I have been fighting with an issue that I am having trouble wrapping my head around, and therefore don't quite know how to start solving it. My experience in programming C is very limited and that is, I think, the reason for which I cannot make progress.

I have some function that uses numpy.interp and scipy.integrate.quad to carry out a certain integral. Since I use quad for the integration, and according to its documentation:

A Python function or method to integrate. If func takes many arguments, it is integrated along the axis corresponding to the first argument.

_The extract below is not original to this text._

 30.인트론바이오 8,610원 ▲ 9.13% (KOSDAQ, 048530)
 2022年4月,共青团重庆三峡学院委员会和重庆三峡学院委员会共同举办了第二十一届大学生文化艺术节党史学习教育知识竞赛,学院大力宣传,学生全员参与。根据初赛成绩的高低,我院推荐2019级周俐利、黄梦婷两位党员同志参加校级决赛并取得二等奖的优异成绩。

If the user desires improved integration performance, then f may be a scipy.LowLevelCallable with one of the signatures:

double func(double x)
double func(double x, void *user_data) 
double func(int n, double *xx) 
double func(int n, double *xx, void *user_data) 

The user_data is the data contained in the scipy.LowLevelCallable. In the call forms with xx, n is the length of the xx array which contains xx[0] == x and the rest of the items are numbers contained in the args argument of quad.

In addition, certain ctypes call signatures are supported for backward compatibility, but those should not be used in new code.

I need to use the scipy.LowLevelCallable objects for speeding up my code, and I need to stick my function design to one of the above signatures. Moreover, since I do not want to be complicating the whole thing with C libraries and compilers, I want to solve this "on the fly" with the tools available from numba, in particular numba.cfunc, which allows me to by-pass the Python C API.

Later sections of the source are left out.